Following on from rumours last month, a new report has suggested that Walgreens Boots Alliance (WBA) is lining up advisers to explore options for its Boots chain in the UK, including a sale that could value it at as much as £10bn.

According to Sky News, WBA will hire Goldman Sachs to examine the hiving off of the health & beauty chain, potentially via a sale or separate listing.

The report quotes City sources that said the process would be exploratory and might not ultimately lead to WBA disposing of Boots.

With a network of around 2,200 stores, an auction of Boots would be among the most significant deals involving a high street chain for many years. However, it would likely draw close scrutiny from the government given the retailer’s nationwide role in delivering public healthcare services.

One analyst told Sky News that the pharmacy chain’s value could be between £10bn and £12bn. Another market source thought the likely valuation would be closer to half that range.
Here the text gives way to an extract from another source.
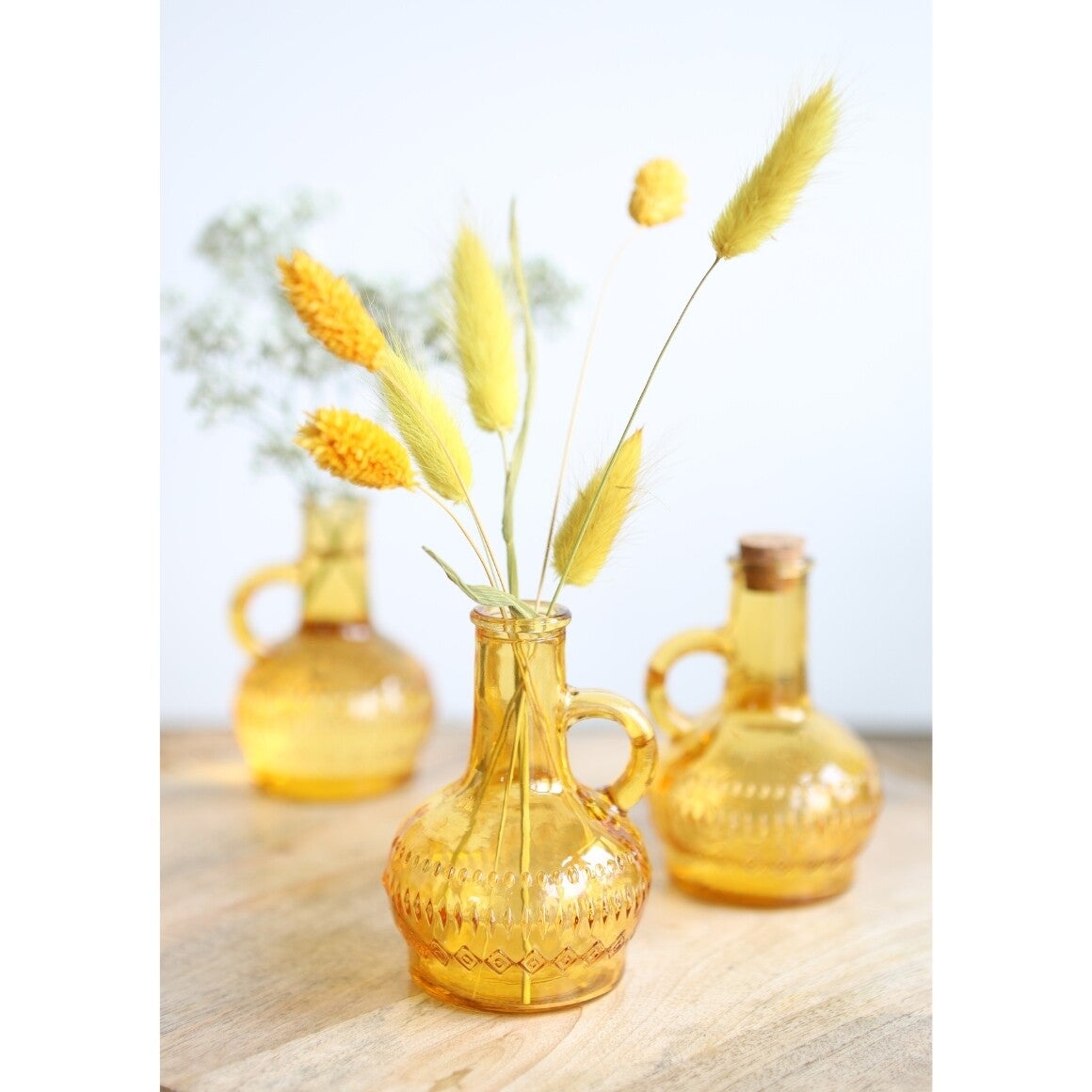 Vase Lille glas ockergelb 10 cm aus Serie Lille hat einen runden Bauch, einen schmalen Hals und einen Henkel an der Seite.

Private equity funds sitting on huge undeployed pools of capital would inevitably be among the suitors for Boots if it came onto the market. Other reports suggested that Tesco, Sainsbury’s, Asda, Morrisons and Amazon could be interested in some of its stores to get better access to local communities for customer deliveries and shops.

At the start of this year, WBA appointed Roz Brewer as its new Chief Executive, with Stefano Pessina becoming Executive Chair. Brewer has signalled a greater focus on US healthcare and the group has already sold its Alliance Healthcare distribution business to pharmaceuticals wholesaler AmerisourceBergen.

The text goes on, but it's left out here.